Guillaume le Clerc de Normandie, Bestiaire divin avec sermons : l'autruche
Paris, BnF, département des Manuscrits, Français 14970, fol. 21v.
© Bibliothèque nationale de France
Comme l'autruche oublie de couver ses œufs pour regarder l'étoile qui brille, le fidèle doit délaisser les plaisirs terrestres pour se consacrer aux biens célestes. Originaire de Normandie mais installé en Angleterre, Guillaume Le Clerc compose vers 1210 un Bestiaire divin de 3290 vers, qui donne de chaque animal une explication allégorique et morale, dans un sens philosophique généralement peu favorable au monde animal. La liste des animaux que donne Guillaume Le Clerc est quasiment la même que chez Philippe de Thaon. L'ouvrage a été largement diffusé au Moyen âge, puisqu'on en conserve une vingtaine de manuscrits.
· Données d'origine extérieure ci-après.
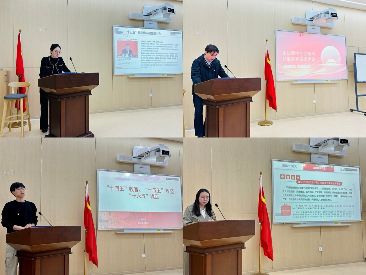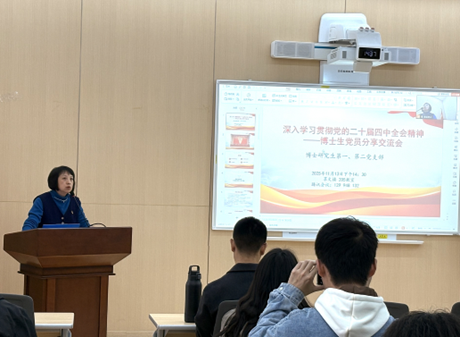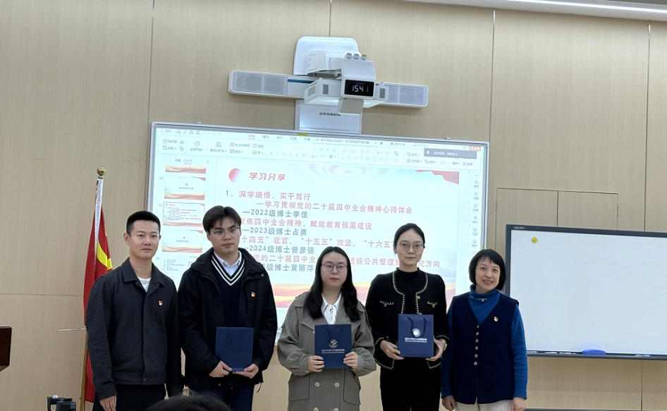 在学习交流环节,四位博士生党员分享了学习心得和体会。李佳聚焦“数据赋能中国式现代化建设”,探讨了数字技术提升治理效能的途径;占勇从精神领航、专业融合、青年担当三个方面强调教育强国建设的重要性;曾彦强以“‘十四五’收官、‘十五五’攻坚、‘十六五’谋远”为题,解析国家发展各阶段的重点任务;黄丽萍通过深刻解读全会精神,提出公共管理重点研究的五个方向。

"L'aile de l'autruche est semblable aux ailes du héron et du faucon (Jb. XXXIX, 13.) Qui ne sait combien le faucon et le héron passent tous les autres oiseaux par la vitesse de leur vol ? En fait, l'autruche a un plumage similaire au leur, mais pas la célérité de leur vol. En effet, elle n'est pas capable de décoller du sol, et elle étend ses ailes placées comme pour s'envoler, mais malgré cela, ne s'élève jamais du sol. Ainsi sont évidemment les hypocrites qui, alors qu'ils feignent de mener une vie de bonnes actions imitant une sainte apparence, n'en ont pas en fait la réalité. Il est vrai qu'en apparence ils ont des plumes pour voler, mais en pratique ils rampent sur le sol, parce qu'ils étendent leurs ailes pour figurer la sainteté ; mais, écrasés par le poids de leurs responsabilités séculières, ils ne s'élèvent même pas un peu de la terre. [...]" Hugues de Fouilloy, Traité des oiseaux"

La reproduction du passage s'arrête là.